Right now, the 3 vaccines in the U.S. are only conditionally approved, under the FDA’s Emergency Use Authorization (EUA). The fact sheet that the FDA provides with these vaccines includes a number of caveats, and states that “there is no FDA approved vaccine to prevent Covid-19.” That statement is not, to put it mildly, very convincing.

Full approval requires the FDA to review “hundreds of thousands of pages of documents,” a process that usually takes 10 months, or maybe six months for a “priority” application. Pfizer only submitted its paperwork on May 7, and Moderna on June 1, so even the FDA’s priority process would leave us without an approved vaccine until the end of 2021. That’s just too long.

I’ve heard the FDA’s excuses. The FDA’s Director of Biologics, Peter Marks, explained in a letter to the NY Times that

“any vaccine approval without completion of the high-quality review and evaluation that Americans expect the agency to perform would undermine the F.D.A.’s statutory responsibilities, affect public trust in the agency and do little to help combat vaccine hesitancy.”

Sorry, Dr. Marks, but these excuses are nonsense. The Covid-19 vaccines have been rolled out with unprecedented speed, it’s true, but we’re now seeing the results of a real-time, real-world experiment on hundreds of millions of people, and–luckily–the results are great! Have you and your colleagues at the FDA not noticed this?

Furthermore, everyone knows that the vaccines will be fully approved in the next few months, and multiple government officials, including the President, have said so quite openly. So why not approve them today? Because you have to follow a set of bureaucratic rules that were not designed for a pandemic?

The virus doesn’t care about the rules. Infections in the U.S. are skyrocketing again, because of the Delta variant, and the only way to end this pandemic is to get nearly everyone vaccinated. Until we have full approval of the vaccines, we’re simply not going to get there. By relying exclusively on the paperwork provided by the vaccine manufacturers, and ignoring the enormous amount of real-world data that everyone can see, the FDA is prioritizing process over results.

The FDA says that it’s now in a “sprint” to approve the vaccines, but with every day that passes, more people get sick, and the virus has more time to mutate and become more deadly.

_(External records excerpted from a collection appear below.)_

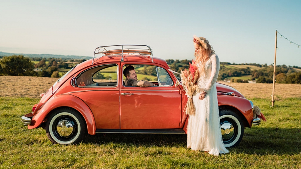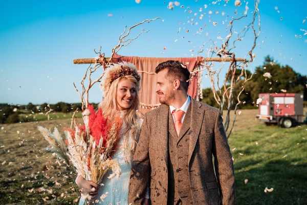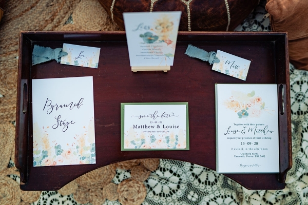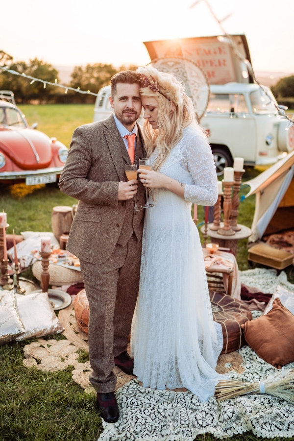 "We wanted to feature a couple who had to postpone their wedding to 2021 and we struck gold with a gorgeous couple called Lou & Matt. They loved every minute of it as much as we did. It was such a magical day and we loved putting this shoot together with the help of some seriously talented wedding suppliers in the South West, overlooking Exmouth Estuary," says Naomi Brown of Vintage Camper Booths, who came up with the concept and styling of this uber inspired shoot.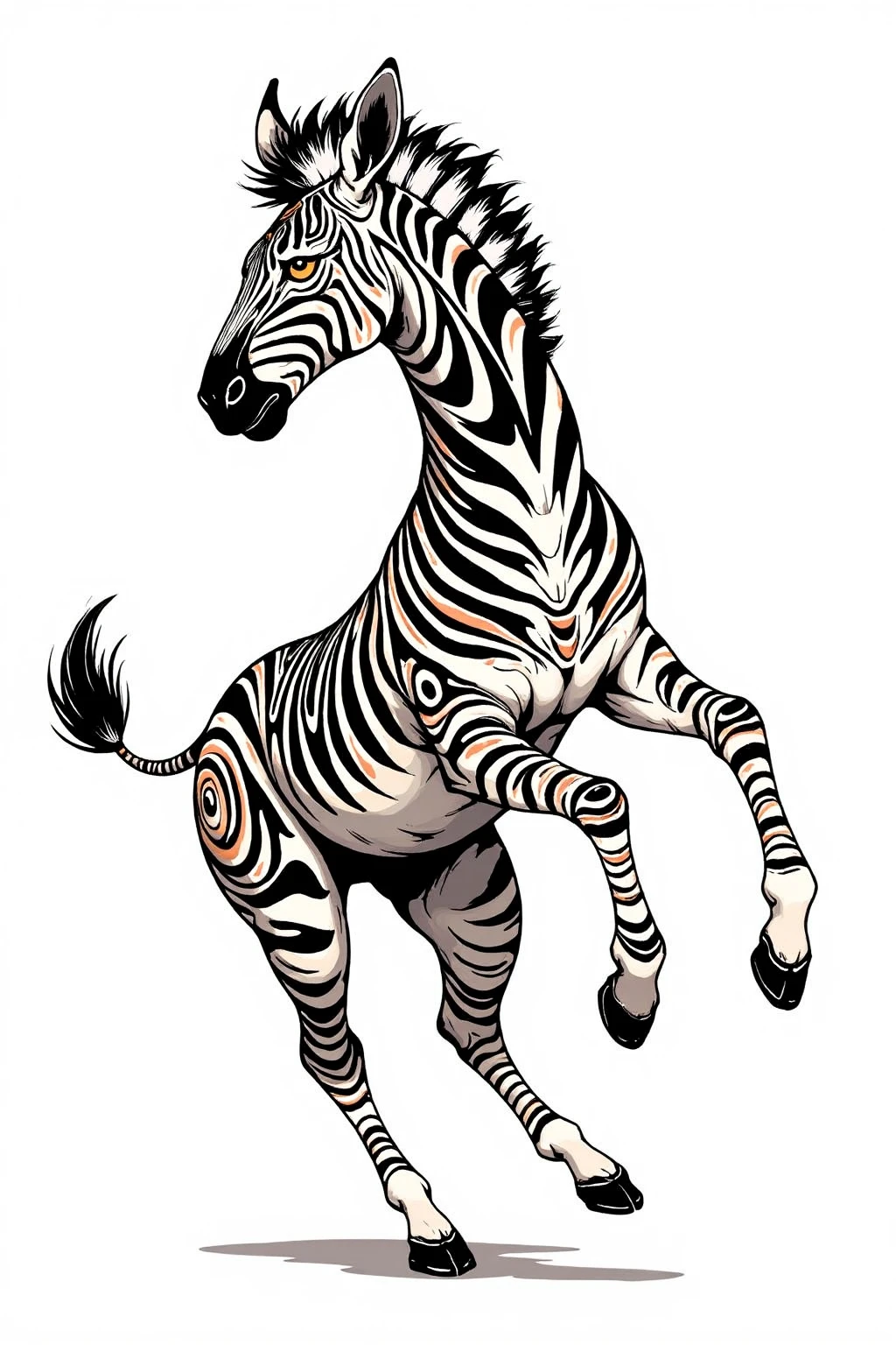 Tribal patterns and dynamic postures, make a tribal - patterned zebra, galloping, patterns enhancing its unique look, dynamic stripes.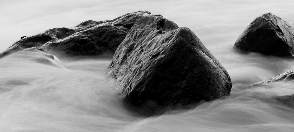 Keywords: water stone river long exposure nature black white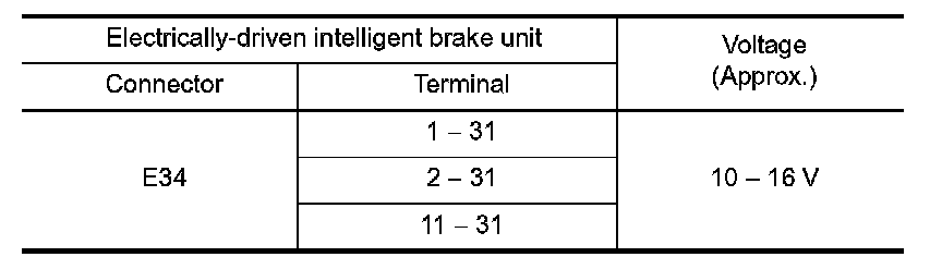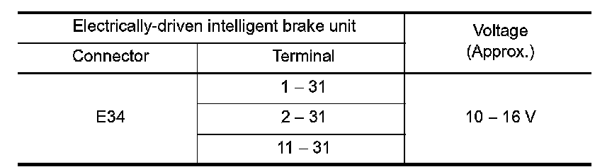 6.Check the voltage between the electrically-driven intelligent brake unit harness connector terminals.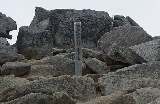 ”赤抜沢ノ頭”に戻って、デポしていたザックを回収して次の観音岳に向かいます。この区間は大雑把に言って高度差100mほど下り、その後200mほど登り返すことになります。コースは花崗岩が風化で粉砕された砂地が大部分を占めます。歩いていて足裏への衝撃は少なくて楽チンなのですが、下り坂で迂闊に砂粒を踏むと足払いを食うことになります。慎重に足を運んでこの区間のアップダウウンを乗り切り、観音岳(2840m 上画像)到着したのは15:30頃でした。標柱は頂から2mほど下がったところに立てられています。背後の岩石の裏側がその位置で、三角点の標識は2個並べて岩石に立て掛けてありました。折り重なる岩場では、穴を掘って並べる訳にもいかなかったのでしょうが、基準点が動くような事態は起きないのでしょうか。 この観音岳が今回の縦走の最高点になるので、後は小さなアップダウウンはあっても、足腰を拷問するようなところはありません。最後の薬師岳へのコースはダラダラと100mほど下って、同じくダラダラと40mほど登るというのどかな丘陵散策です。この頃になるとガスは少し薄まって、眼下には北杜市辺りと思われる町並みや釜無川、中央高速が見渡せるようになっていました。ただ3000m付近は、この時点でも厚いガスに覆われて、北岳や甲斐駒ヶ岳などの雄姿は見られないままでした。 下りも登りも足腰にはそれと分らないような丘陵コースを辿って、この日4つ目のピーク・薬師岳(下画像)に到着。山頂部は緩やかな3つの丘から成り立っており、標柱はその内の1つに立てられていますが、最高点(2780m)は100mほど離れた別の丘にあります。そちらに移動してGPSで測定すると地図上の山頂▲マークとピッタリ一致しました。ならば三角点があるだろう・・と、ピークから半径10mほどの範囲を探し回ってみたのですが、見つけることはできませんでした。これで今回の目標4座は全て巡ったことになります。この後、距離にして2km弱、標高差350mほどをダラダラと下って、この日の宿泊予定の南御室小屋に入り、5:15に1日目の行動にピリオドを打ちました。≪前の記事 次の記事≫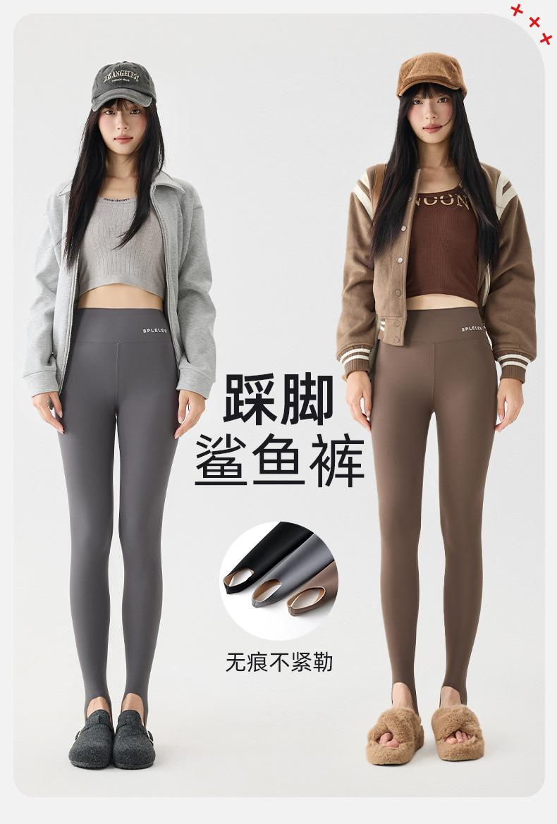 Leggings con forro polar otoño e invierno engrosados pantalones de tiburón con estribo ropa exterior para mujer adelgazantes de abdomen levantamiento de cadera adelgazantes pantalones de fitness cálidos pantalones largos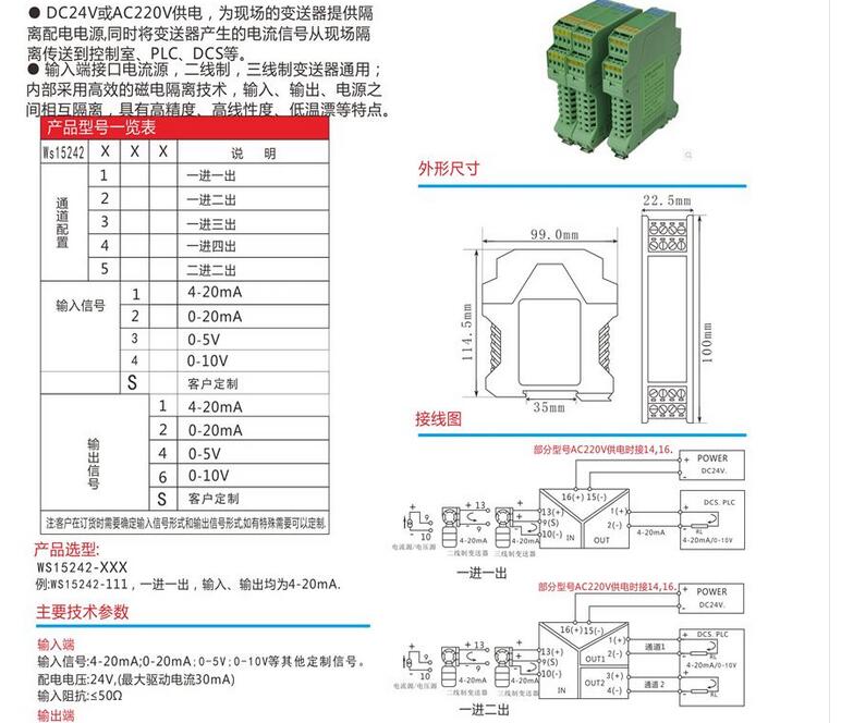 WS15242信號(hào)隔離器 信號(hào)分配器,全隔離輸出信號(hào)分配器 安全隔離柵,信號(hào)隔離器模塊,安全柵,電流轉(zhuǎn)換模塊。將輸入信號(hào)變換為兩路相互隔離的信號(hào),低功耗,低熱量,低漂移,DIN T型導(dǎo)軌安裝

Listen, FDA: rules are created for a reason. In case you haven’t noticed, the pandemic is a worldwide emergency that cries out for you to bend or break the rules if doing so will save lives. We all want a safe and effective vaccine, but there’s an overwhelming amount of evidence that we already have at least 3 of them (and probably 6 or 7). You can approve the Pfizer-BioNTech and Moderna vaccines today, and if new data emerges, or if you discover something startling and unexpected in those millions of pages of paperwork, you can withdraw approval. There’s nothing preventing this except bureaucracy.

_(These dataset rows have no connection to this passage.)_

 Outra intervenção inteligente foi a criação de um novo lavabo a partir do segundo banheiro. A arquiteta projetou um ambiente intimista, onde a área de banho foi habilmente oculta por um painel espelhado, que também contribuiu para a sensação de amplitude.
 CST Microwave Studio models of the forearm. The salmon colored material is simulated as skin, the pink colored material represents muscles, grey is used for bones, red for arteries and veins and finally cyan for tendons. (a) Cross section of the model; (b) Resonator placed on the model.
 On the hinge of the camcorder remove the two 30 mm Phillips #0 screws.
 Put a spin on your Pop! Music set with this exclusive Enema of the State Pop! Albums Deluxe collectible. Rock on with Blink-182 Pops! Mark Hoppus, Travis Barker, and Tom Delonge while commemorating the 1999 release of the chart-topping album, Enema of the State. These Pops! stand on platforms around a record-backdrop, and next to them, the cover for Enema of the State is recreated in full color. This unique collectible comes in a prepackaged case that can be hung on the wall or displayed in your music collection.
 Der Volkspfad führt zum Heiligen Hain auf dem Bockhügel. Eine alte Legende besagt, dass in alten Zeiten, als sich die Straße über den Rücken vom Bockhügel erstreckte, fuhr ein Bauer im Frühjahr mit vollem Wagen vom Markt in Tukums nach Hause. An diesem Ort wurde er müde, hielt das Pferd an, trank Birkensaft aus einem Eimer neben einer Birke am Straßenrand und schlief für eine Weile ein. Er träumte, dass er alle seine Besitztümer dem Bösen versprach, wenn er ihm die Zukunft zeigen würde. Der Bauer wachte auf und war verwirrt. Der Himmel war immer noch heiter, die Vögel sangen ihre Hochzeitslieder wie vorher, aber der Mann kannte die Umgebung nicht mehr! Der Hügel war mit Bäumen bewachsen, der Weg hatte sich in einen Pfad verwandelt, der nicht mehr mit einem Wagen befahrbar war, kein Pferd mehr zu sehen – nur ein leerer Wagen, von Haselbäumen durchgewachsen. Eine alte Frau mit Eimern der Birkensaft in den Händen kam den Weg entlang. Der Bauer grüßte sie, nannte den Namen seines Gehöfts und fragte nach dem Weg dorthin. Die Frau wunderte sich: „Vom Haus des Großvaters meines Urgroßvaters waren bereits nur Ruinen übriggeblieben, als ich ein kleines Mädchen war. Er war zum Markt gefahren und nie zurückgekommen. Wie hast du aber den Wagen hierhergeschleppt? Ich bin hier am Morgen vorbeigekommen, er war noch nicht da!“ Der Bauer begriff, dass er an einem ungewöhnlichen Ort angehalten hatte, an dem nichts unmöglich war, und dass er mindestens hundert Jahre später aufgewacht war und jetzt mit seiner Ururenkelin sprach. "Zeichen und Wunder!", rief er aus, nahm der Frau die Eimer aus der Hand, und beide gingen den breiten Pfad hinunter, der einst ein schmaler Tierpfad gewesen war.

So don’t tell us that you (FDA) have to “complet[e] the high-quality review” or you’ll somehow be shirking your responsibility. That response is equivalent to saying “we can’t look at the overwhelming evidence from the real world, we can only look at the paperwork that the vaccine companies provided to us.” In other words, “nanner nanner we can’t hear you” rather than considering the fact that hundreds of millions of people have taken the vaccine and that it’s working.

And about that comment from the FDA about maintaining public trust? As Dr. Eric Topol pointed out in a recent op-ed, somehow the FDA managed to approve, in the midst of the pandemic, an incredibly expensive new Alzheimer’s drug (aducanumab) for which the evidence of effectiveness is very thin, and the risks of harm are very real. The FDA’s own advisors resigned in protest, and now the FDA’s inspector general is going to take another look at how this happened. And yet the FDA is worried about “public trust in the agency”? Give me a break. Meanwhile, the FDA can’t seem to find the time to approve the mRNA vaccines “despite massive evidence of their benefits.”

The FDA needs to stop hiding behind the mountain of paperwork. Millions of people will remain unvaccinated while the FDA reviews documents that merely tell us what we already know: the vaccines work, and they are safe. Give them full approval, today, and continue to monitor their safety carefully, and many lives will be saved.